Le camp d'entraînement officiel commence jeudi avec les tests physiques.

Ryan Poehling patine durant un match contre les Maple Leafs.

Ryan Poehling

Photo : Getty Images / Minas Panagiotakis

Alexandre Gascon

Le camp des recrues maintenant terminé, place aux choses sérieuses chez le Canadien.

L’entraîneur du Rocket vient de clore son camp d’entraînement réservé aux jeunes espoirs de l’organisation. Un camp en accéléré, étalé sur une période de cinq jours, qui comprend deux entraînements et trois matchs.

Rien n’a été laissé au hasard. Pendant les entraînements, son sempiternel casque CCM rouge vissé sur la tête, Joël Bouchard prodigue ses conseils et maintient un niveau d’intensité élevé.

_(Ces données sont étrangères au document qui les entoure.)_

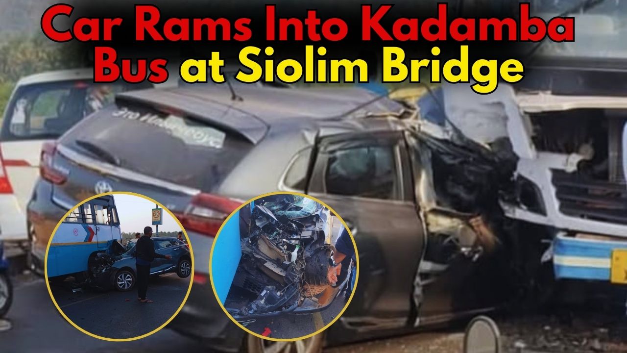 Car Rams Into Kadamba Bus at Siolim Bridge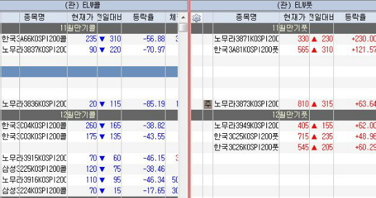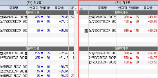 옵션,ELW시장은 당월물 등가나 내가 콜은 +50%, 약외가 콜은 +80%정도 올라서 마감하였고

Le camp des recrues, au fil des ans, a perdu son petit côté folklorique. Au cours du week-end à Belleville, Bouchard est même allé jusqu’à escorter gentiment des journalistes flâneurs hors du vestiaire pour amorcer séance tenante sa réunion avec les spécialistes du désavantage numérique. Pas de temps à perdre.

Mardi, Bouchard s’est présenté devant les médias quelques minutes après que sa troupe, privée de ses meilleurs éléments, venait de signer une victoire de 7-3 contre une équipe constituée des meilleurs joueurs universitaires de la province.

Ce match, comme toutes les autres séances des derniers jours, lui a fourni des informations précieuses.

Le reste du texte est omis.